**Problem:**
Starting at the line that contains "Der neue Vorstand", write out each line through the end of the data below, exactly as it stands. Skip any pictures.

**Dataset section:**
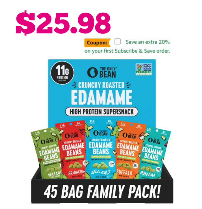 45-Pack The Only Bean High Protein Snacks, Edamame Beans Snack, Variety Pack $25.98 (Reg $39.97)!
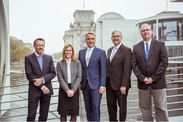 Der neue Vorstand des VfW v.l.n.r.: Dr. Volkhard Nobis, Annett Wettig, Till Reine, Peter Paul Thoma, Carsten Dittmar. – © VfW – Bundesverband für Wohnungslüftung e. V.
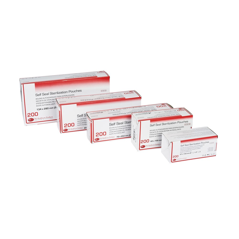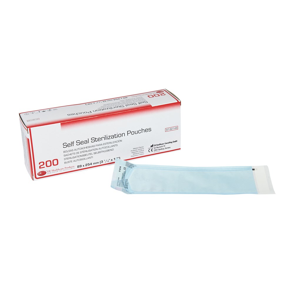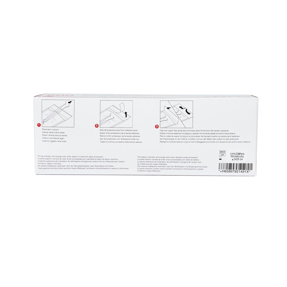 For use as packing material for medical devices in sterilization by steam, ethylene oxide gas in healthcare establishments. The Self-Sealing Sterilization Pouches are single use.

**Task answer:**
 Der neue Vorstand des VfW v.l.n.r.: Dr. Volkhard Nobis, Annett Wettig, Till Reine, Peter Paul Thoma, Carsten Dittmar. – © VfW – Bundesverband für Wohnungslüftung e. V.
 For use as packing material for medical devices in sterilization by steam, ethylene oxide gas in healthcare establishments. The Self-Sealing Sterilization Pouches are single use.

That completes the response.